The input
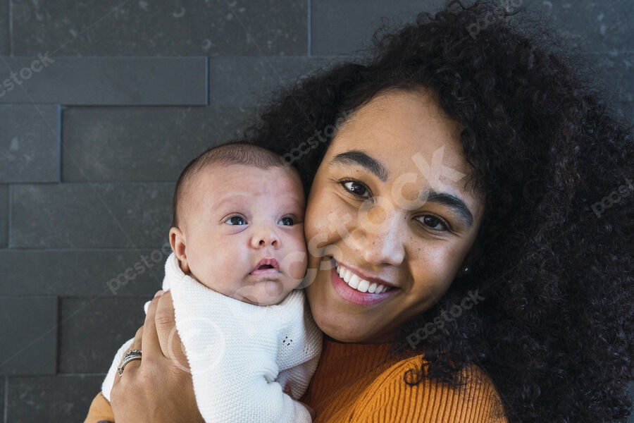 Smiling Black man looking away with hand on his waist standing against black brick wall in city street during daytime
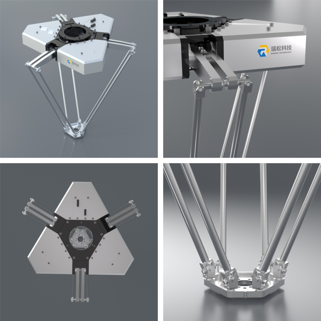 同时机器人配备的【智能控制系统】可以实现手把手示教功能,支持复杂运动路径的直观编程与调整。此外,可扩展的并联杆结构支持3轴、4轴、6轴等多种配置,不同机构组合适应不同任务,如Delta结构(3P3R)、Stewart平台等。标准化接口设计更便于快速应用到不同的解决方案中。
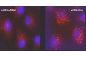 This antibody specifically recognizes both forms of endogenous LC3, the cytoplasmic LC3-I (18 kDa) as well as the lipidated form generated during autophagosome and autophagolysosome formation: LC3-II (16 kDa). Immunocytochemical staining of cells with LC3 antibody Cat.-No AM20212PU-N (Clone 5F10) reveals the specific punctate distribution of endogenous LC3-II as a hallmark of autophagic activity.
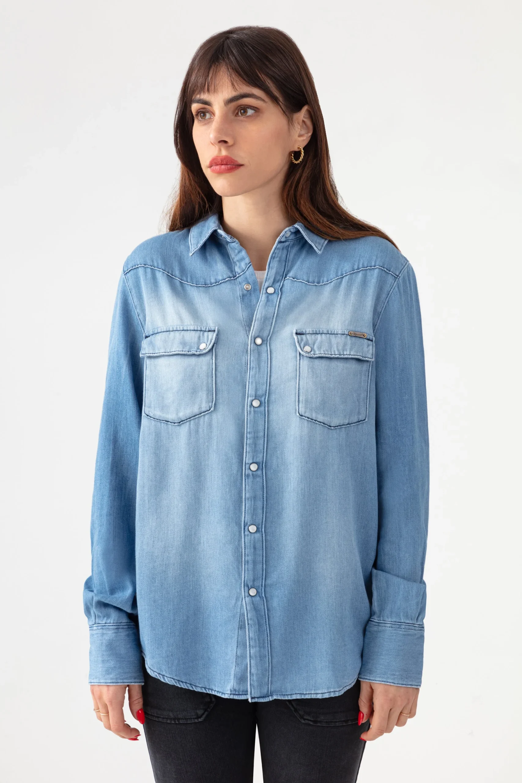 Explorez l’essence du style « western » avec la chemise Clyde, un classique emblématique de la marque. La coupe droite et les manches longues à boutons au poignet confèrent une allure authentique, idéale pour varier vos looks. La fermeture par boutons-pression et les deux poches poitrine ajoutent une touche pratique et stylée à cette chemise intemporelle.
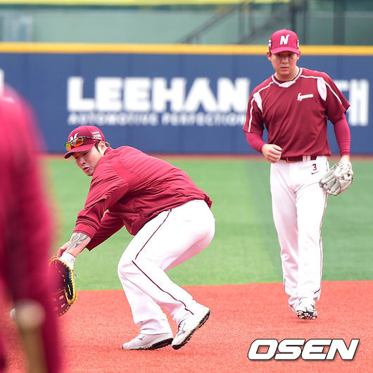 8일 오후 서울 목동야구장에서 열리는 '2014 한국야쿠르트 세븐 프로야구 포스트시즌' 넥센 히어로즈와 삼성 라이온즈의 한국시리즈 4차전, 경기 시작을 앞두고 넥센 박병호와 김민성이 수비 훈련을 하고 있다.
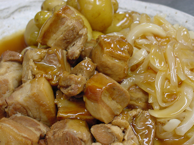 豚肉の肉じゃがは、新ジャガイモ、新たまねぎ、豚肉の組み合わせで、栄養的にも満点の料理。甘辛いしょうゆ味は日本酒との相性も抜群ですので、おつまみとして最高です。
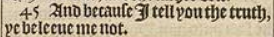 45 And because I tell you the truth, ye beleeue me not.
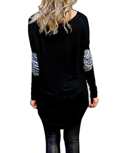 Minetom Donna Girocollo Manica Lunga Irregolare Camicia Camicetta Blouse Tops Glitter Patchwork ( Nero IT 44 )
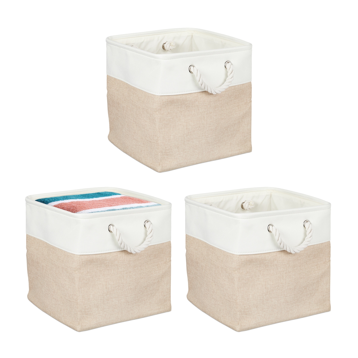Relaxdays Aufbewahrungskorb, 3er Set, Leinen, mit Seilgriffen, Kleidung, Spielzeug, 30x30x30 cm, Regalkorb, beige/weiß
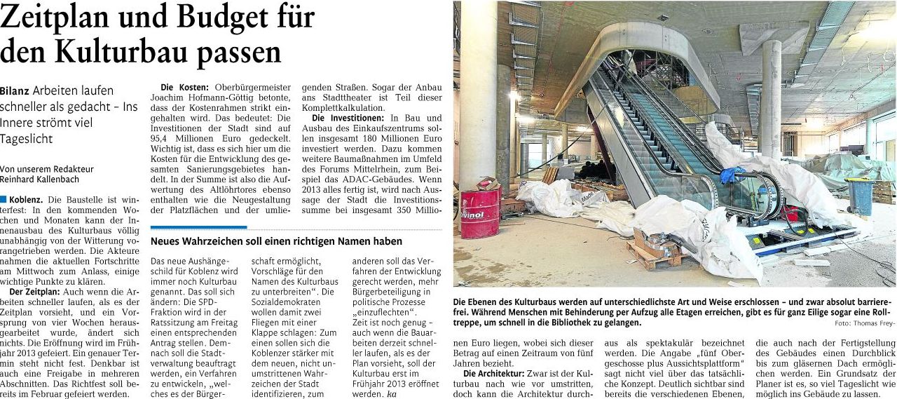 Zum Koblenzer Kulturbau/Zentralplatz: Zeitplan und Budget passen …
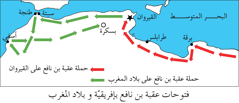 عقبة بن نافع الفاتح لبلاد المغرب العربي ولذي اسشهد على يد البيزنطيين اثناء عودته من المغرب حتى جاء حسان بن نعمان ليكمل مسيرة عقبة وقد قاتل الجيش البيزنطي و اوسع من انتشار الاسلام في المغرب وحِرْصٌعَلَىنُشَراللُّغَةَالْعَرَبِيَّةَبَيْنَسُكَّانِهَا الاصليين تم نشر الاسلام في كافة المغرب بعد ذلك على يد موسى بن نصير و اجتاح الاسلام بعد ذلك مدينة المغرب بأكملها .
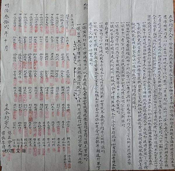 依官府要求進行簽署聯庄組織合約,以防盜匪以靖地方事務
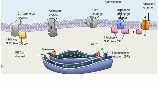 ACh binds to muscarinic receptors (M2) that are found principally on cells comprising the sinoatrial (SA) and atrioventricular (AV) nodes.
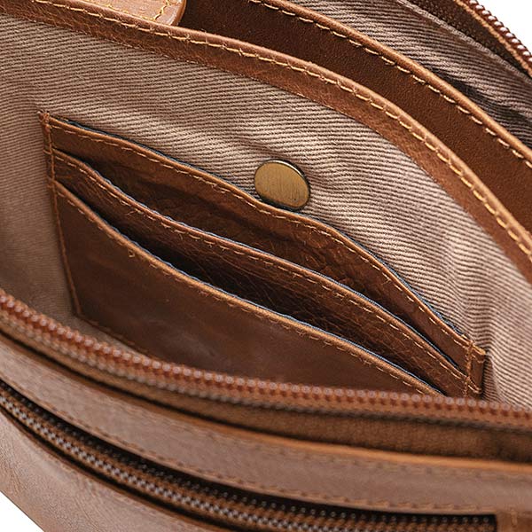 Material: offenporiges Rindsleder in ausgesuchter Qualität aus teilvegetabiler Gerbung, es changiert von hell nach dunkel, so bleibt der natürliche Look des Leders erhalten. Das hochwertige Vintageleder überzeugt durch seine natürliche Struktur und den weichen Griff.
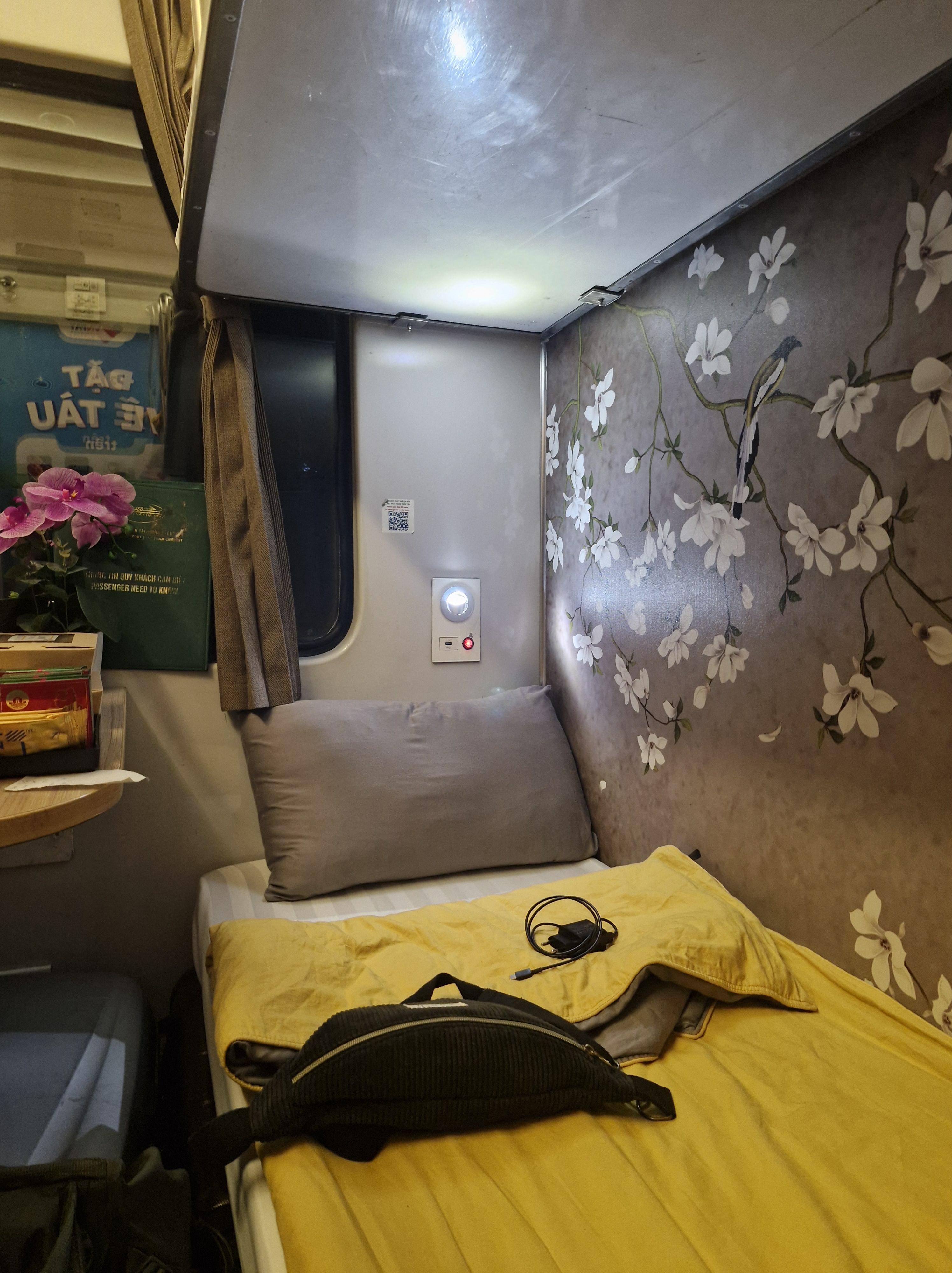 Après dîner, nous avons commandé un taxi avec Grab (j’en parle dans les conseils tout en bas de l’article) qui nous a emmenés à la gare de Ninh Binh où nous prenions un train de nuit.
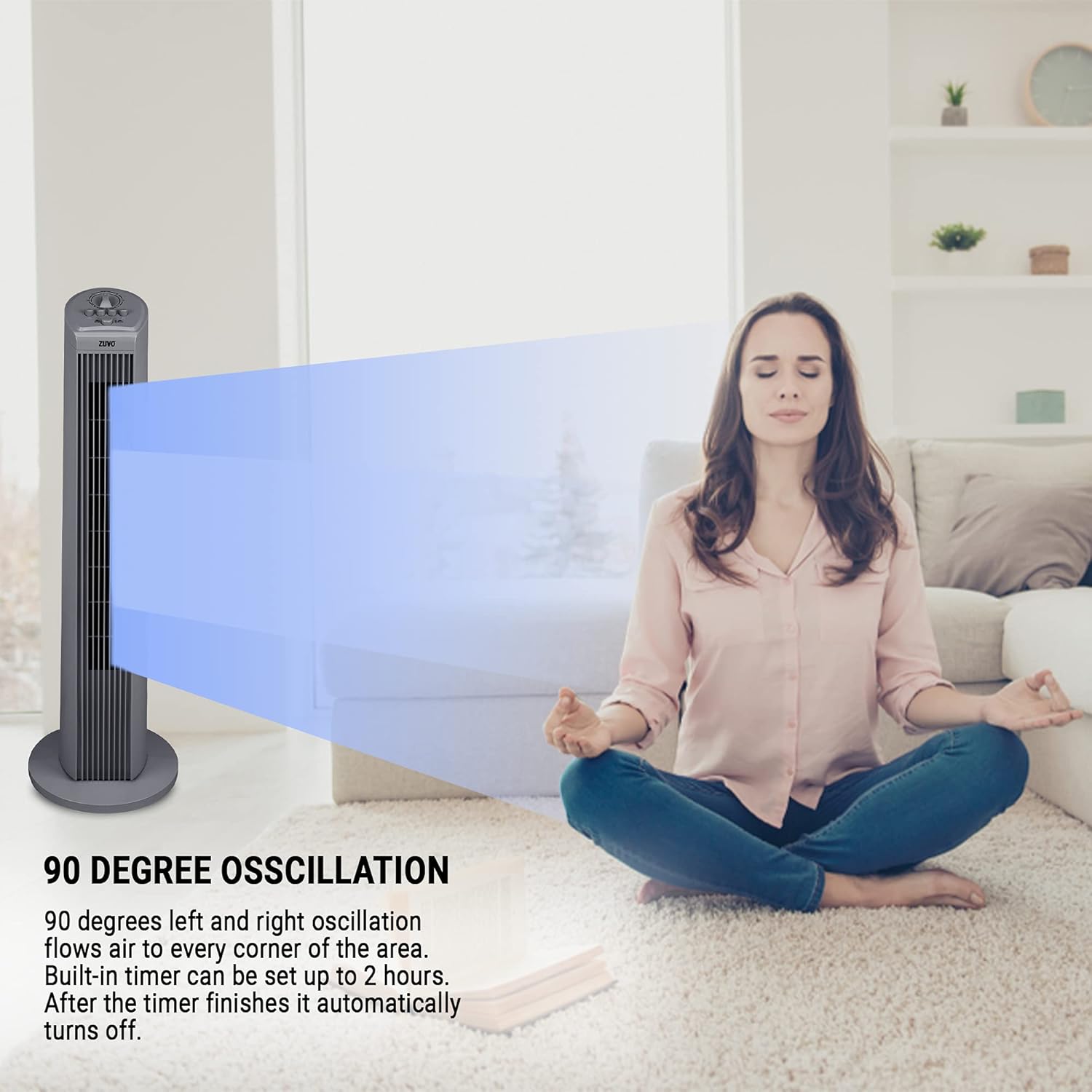 Introducing the Zuvo 30" Oscillating Tower Fan. This bladeless portable fan offers 3 speed settings and a 120-minute timer for customized cooling. Experience quiet and efficient operation, making it perfect for any home living room or office space. Say goodbye to bulky fans with this stylish and space-saving fan in Gray.
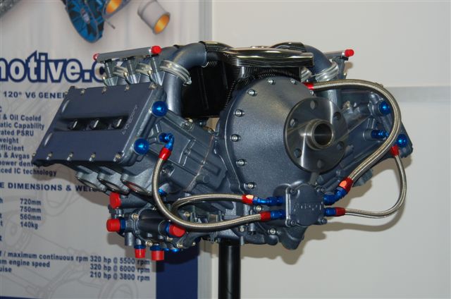 Turbocharged, 320hp at 5500 rpm, 70% 210hp at 2300 rpm, Integrated PSRU, Liquid cooled, Compatible with Avgas OR Mogas, FADEC, 130kg (287lb).
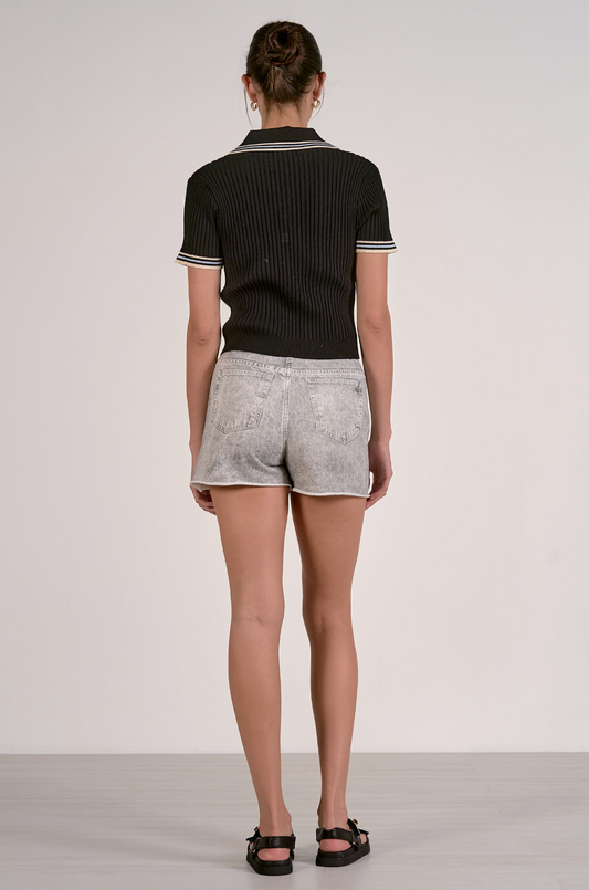 Grey Ribbed Knit T-Shirt
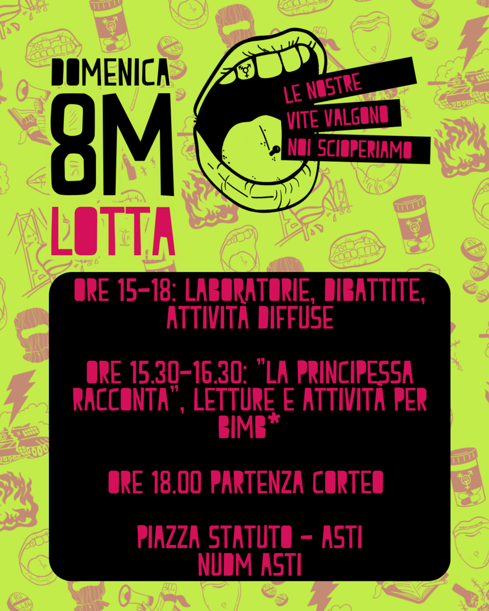 Domenica 8 marzo le attività si sposteranno in piazza Statuto ad Asti. Dalle 15 alle 18 sono previsti laboratori gratuiti, dibattiti ed esposizioni artistiche, con uno spazio dedicato anche ai più piccoli. Alle 15.30 l'associazione La Principessa Racconta curerà letture e laboratori per bambini dai tre anni in su. La giornata culminerà nel corteo cittadino che partirà alle 18 da piazza Statuto per attraversare i luoghi simbolo del centro.
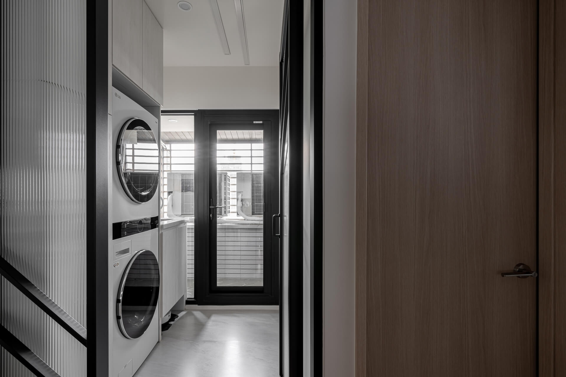 Công năng tích hợp: Nơi đây chứa hệ thống máy giặt sấy chồng tầng, giàn phơi điện thông minh và cửa gió của hệ thống trao đổi nhiệt.
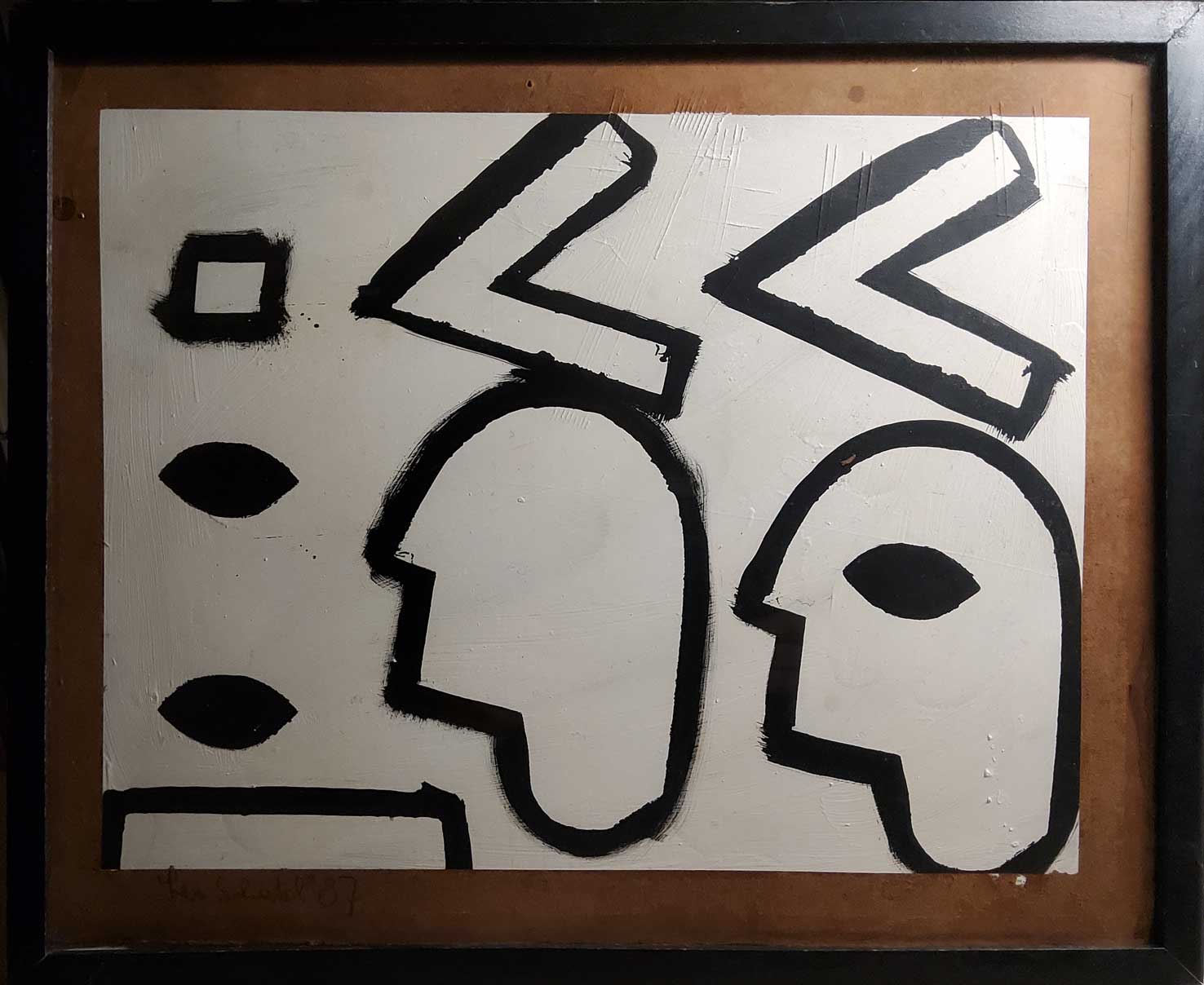 "zwei Köpfe", Acryl/Lederkarton, 1987, 42.6 x 52.6 cm, Bild: 40 x 50 cm , € 950.--
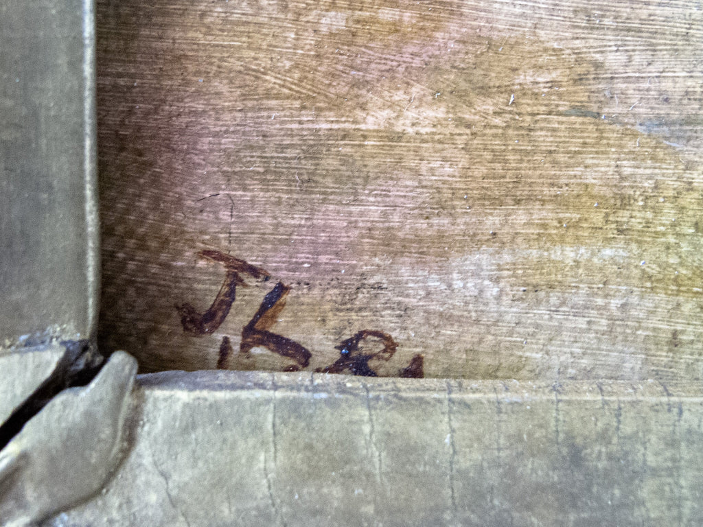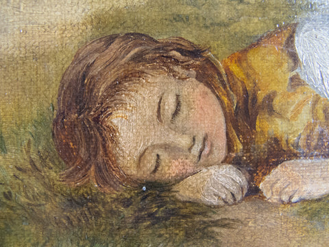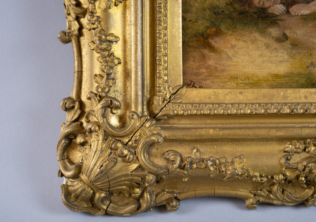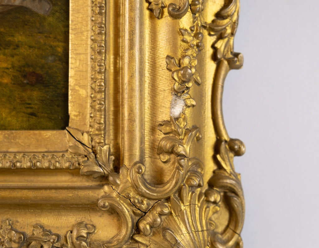 The work is beautifully done and of lovely proportions. The shepherd's face in particular is very well executed. The work is in excellent condition throughout. The right side of the frame has a small chip to the gilt and the left corner shows some (please see photographs).
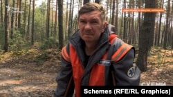Когда Михаил Кушнир пришел на это место с журналистами, подошел человек на костылях, с ногой в гипсе. Это оказался 44-летний Олег Черненко, который работал водителем в медицинской службе. Он также пережил пытки российских военных. Вместе с Михаилом и братом Олега его тоже незаконно удерживали в лесу. На вопрос о том, как с пленниками обращались, он ответил: "Бросили, и все".
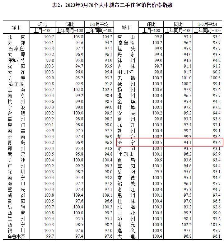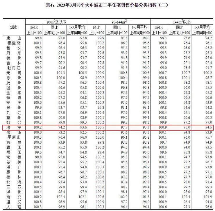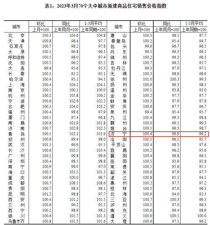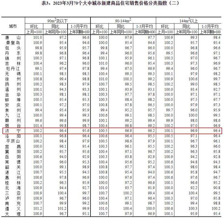 搜狐网济宁小编注意到:国家统计局发布了2023年3月份70个大中城市商品住宅销售价格变动情况统计数据。2023年3月份济宁新建商品住宅销售价格环比上涨0.4个百分点。

Task instructions
Reproduce exactly the lines above from the one with "Turbocharged, 320hp at" through the last line of the data, keeping both ends and dropping the pictures.

Output of the exercise
 Turbocharged, 320hp at 5500 rpm, 70% 210hp at 2300 rpm, Integrated PSRU, Liquid cooled, Compatible with Avgas OR Mogas, FADEC, 130kg (287lb).
 Grey Ribbed Knit T-Shirt
 Domenica 8 marzo le attività si sposteranno in piazza Statuto ad Asti. Dalle 15 alle 18 sono previsti laboratori gratuiti, dibattiti ed esposizioni artistiche, con uno spazio dedicato anche ai più piccoli. Alle 15.30 l'associazione La Principessa Racconta curerà letture e laboratori per bambini dai tre anni in su. La giornata culminerà nel corteo cittadino che partirà alle 18 da piazza Statuto per attraversare i luoghi simbolo del centro.
 Công năng tích hợp: Nơi đây chứa hệ thống máy giặt sấy chồng tầng, giàn phơi điện thông minh và cửa gió của hệ thống trao đổi nhiệt.
 "zwei Köpfe", Acryl/Lederkarton, 1987, 42.6 x 52.6 cm, Bild: 40 x 50 cm , € 950.--
 The work is beautifully done and of lovely proportions. The shepherd's face in particular is very well executed. The work is in excellent condition throughout. The right side of the frame has a small chip to the gilt and the left corner shows some (please see photographs).
Когда Михаил Кушнир пришел на это место с журналистами, подошел человек на костылях, с ногой в гипсе. Это оказался 44-летний Олег Черненко, который работал водителем в медицинской службе. Он также пережил пытки российских военных. Вместе с Михаилом и братом Олега его тоже незаконно удерживали в лесу. На вопрос о том, как с пленниками обращались, он ответил: "Бросили, и все".
 搜狐网济宁小编注意到:国家统计局发布了2023年3月份70个大中城市商品住宅销售价格变动情况统计数据。2023年3月份济宁新建商品住宅销售价格环比上涨0.4个百分点。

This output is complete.